Description of the task |
Please set down, unchanged, each line from the one with "For a limited" to the final line of the data below, both included. Drop the pictures.

(Stored dataset items)
Content starts

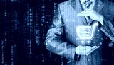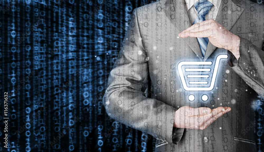 Consumer protection concept. Safety and insurance of trade and goods. Online marketing. Matrix background. Safe internet shopping. Attack and virus free. Safe credit card.
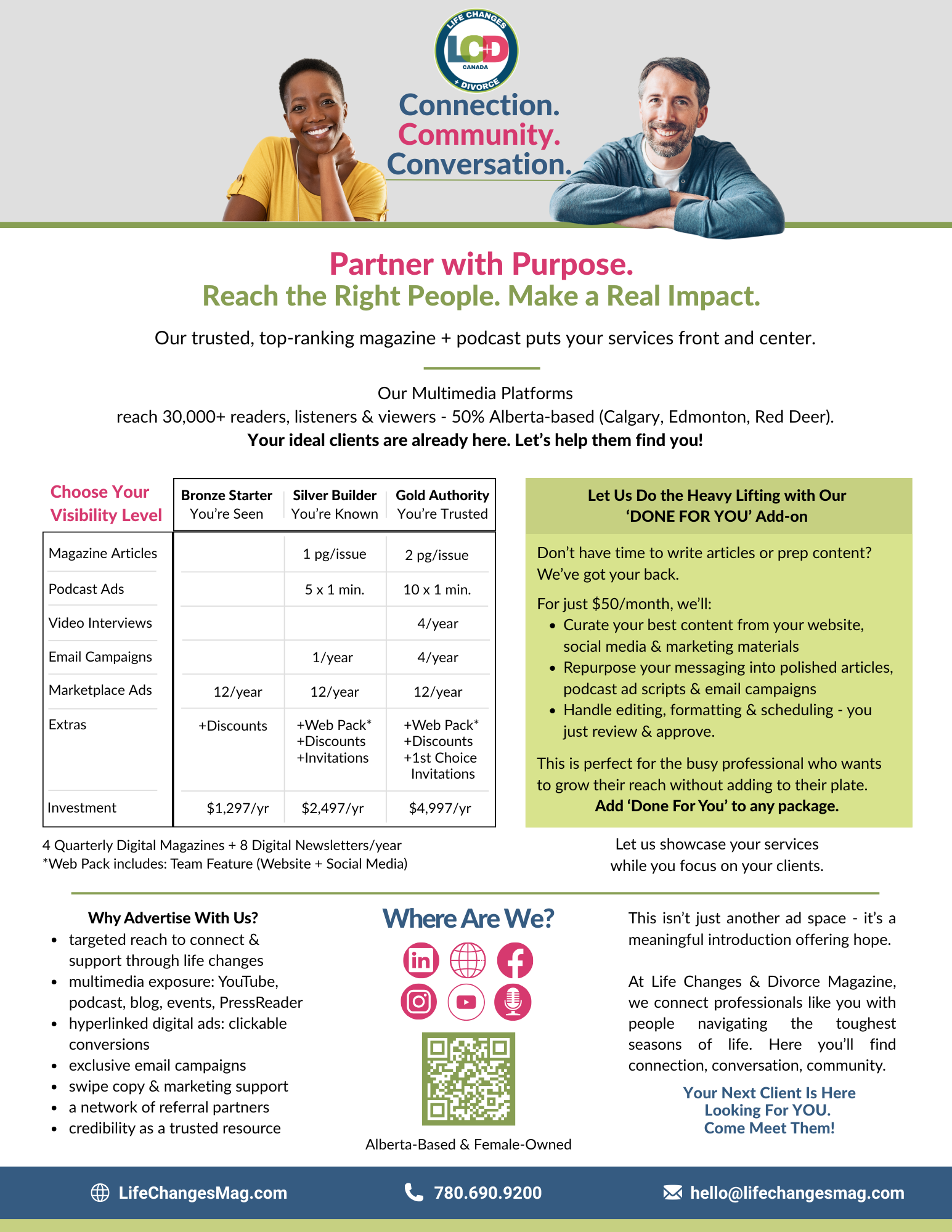 For a limited time when you advertise in Life Changes Magazine**, you get $200 OFF a LIVE ON-AIR INTERVIEW!
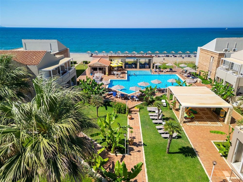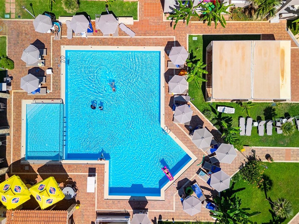 Recepce, bezpečnostní schránka na recepci (na vyžádání), restaurace, snack bar, venkovní bazén, lehátka a slunečníky u bazénu zdarma, dětský bazén, bar u bazénu, a mini market, to vše přímo před slavnou pláží Gerani (oceněnou modrou vlajkou). Wi-Fi připojení ve veřejných prostorách. V blízkosti hotelu jsou obchody a restaurace.
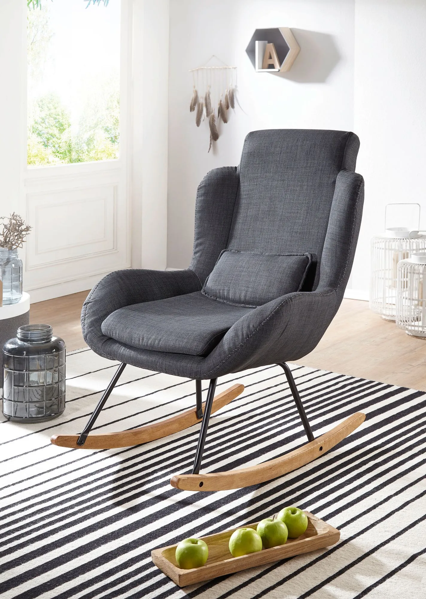 tinkaro Schaukelstuhl schwingend JANKO Rubberwood/Stoff Relaxliege Anthrazit
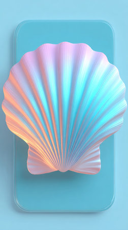 A beautiful seashell with iridescent colors, resting on a blue surface, perfect for design.
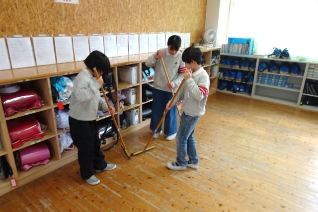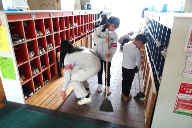 今日も子どもたちは、縦割り班掃除を頑張っていました。
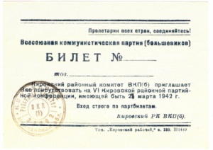 Билет № [пригласительный на IV Кировскую районную партийную конференцию, 28 марта 1942 г.] [Изоматериал: электронный ресурс] / Кировский РК ВКП(б). – Электрон. дан. (1 цв. файл : 0,12 МБ). – (Мурманск: Мурманская государственная областная универсальная научная библиотека, 2014). – Режим доступа: http://www.kolanord.ru. – Загл. с экрана. – Место хранения оригинала: Мурманский областной краеведческий музей.
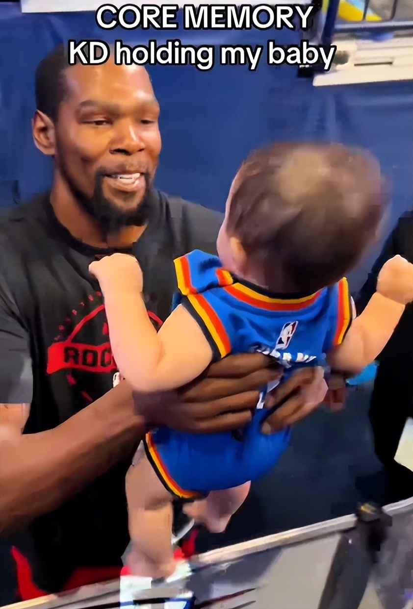 一位球迷在社交媒体上发布了视频,并配文写道:“珍贵的回忆,KD拥抱了我的孩子”。
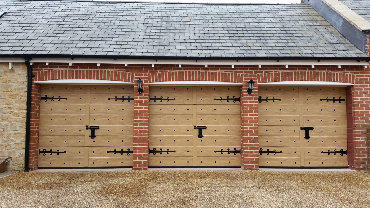 Modern garage door made to look like old one. Ribbed sections decorated with planks in woodgrain finish. Fitted with old style metal hinges and handles. All colour combinations available – just choose your favorite. Perfect option if you are renovating your countryside cottage and want to keep it’s old image but also gain convenience. Good solution In conservation areas where old garage door needs to be replaced but there are requirements to preserve curb appeal.
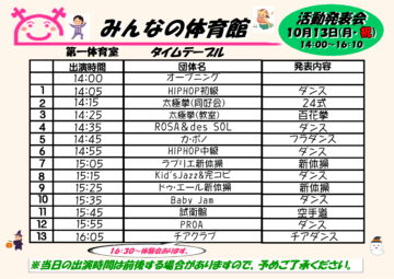 10月13日(月・祝)みんなの体育館『活動発表会』のお知らせ
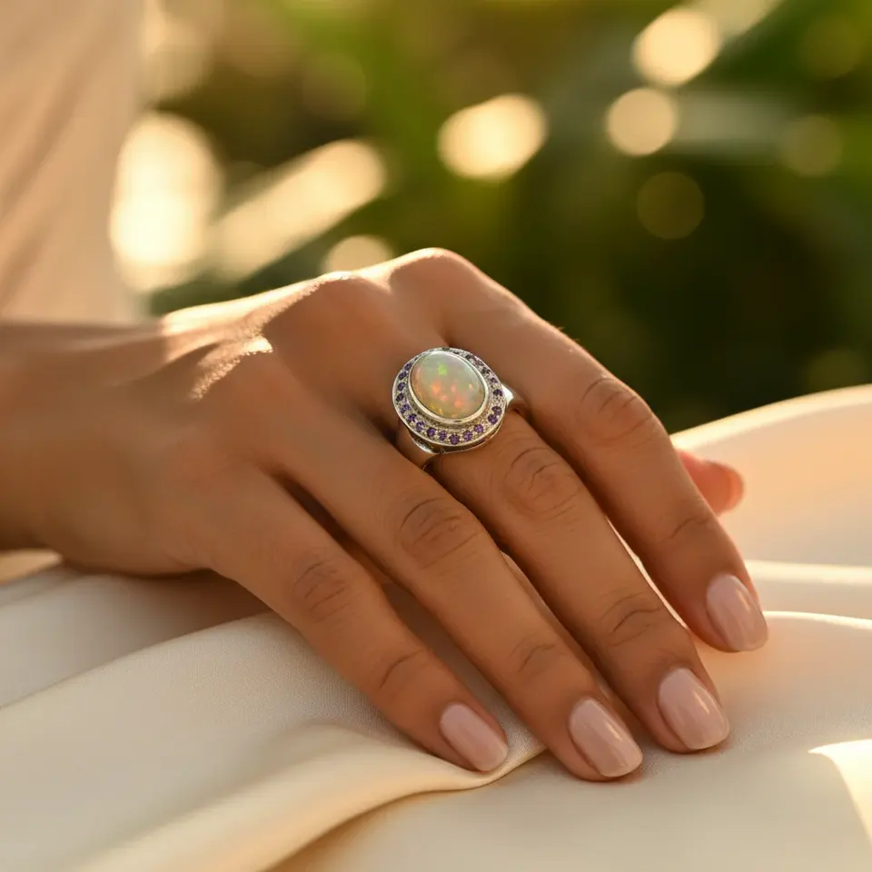 Women's Vintage Opal & Amethyst Ring with Oval Cut Diamond 925 Silver Rhodium Plated Fine Jewelry with Setting Inlay

Content ends

Response to the exercise |
 For a limited time when you advertise in Life Changes Magazine**, you get $200 OFF a LIVE ON-AIR INTERVIEW!
 Recepce, bezpečnostní schránka na recepci (na vyžádání), restaurace, snack bar, venkovní bazén, lehátka a slunečníky u bazénu zdarma, dětský bazén, bar u bazénu, a mini market, to vše přímo před slavnou pláží Gerani (oceněnou modrou vlajkou). Wi-Fi připojení ve veřejných prostorách. V blízkosti hotelu jsou obchody a restaurace.
 tinkaro Schaukelstuhl schwingend JANKO Rubberwood/Stoff Relaxliege Anthrazit
 A beautiful seashell with iridescent colors, resting on a blue surface, perfect for design.
 今日も子どもたちは、縦割り班掃除を頑張っていました。
 Билет № [пригласительный на IV Кировскую районную партийную конференцию, 28 марта 1942 г.] [Изоматериал: электронный ресурс] / Кировский РК ВКП(б). – Электрон. дан. (1 цв. файл : 0,12 МБ). – (Мурманск: Мурманская государственная областная универсальная научная библиотека, 2014). – Режим доступа: http://www.kolanord.ru. – Загл. с экрана. – Место хранения оригинала: Мурманский областной краеведческий музей.
 一位球迷在社交媒体上发布了视频,并配文写道:“珍贵的回忆,KD拥抱了我的孩子”。
 Modern garage door made to look like old one. Ribbed sections decorated with planks in woodgrain finish. Fitted with old style metal hinges and handles. All colour combinations available – just choose your favorite. Perfect option if you are renovating your countryside cottage and want to keep it’s old image but also gain convenience. Good solution In conservation areas where old garage door needs to be replaced but there are requirements to preserve curb appeal.
 10月13日(月・祝)みんなの体育館『活動発表会』のお知らせ
 Women's Vintage Opal & Amethyst Ring with Oval Cut Diamond 925 Silver Rhodium Plated Fine Jewelry with Setting Inlay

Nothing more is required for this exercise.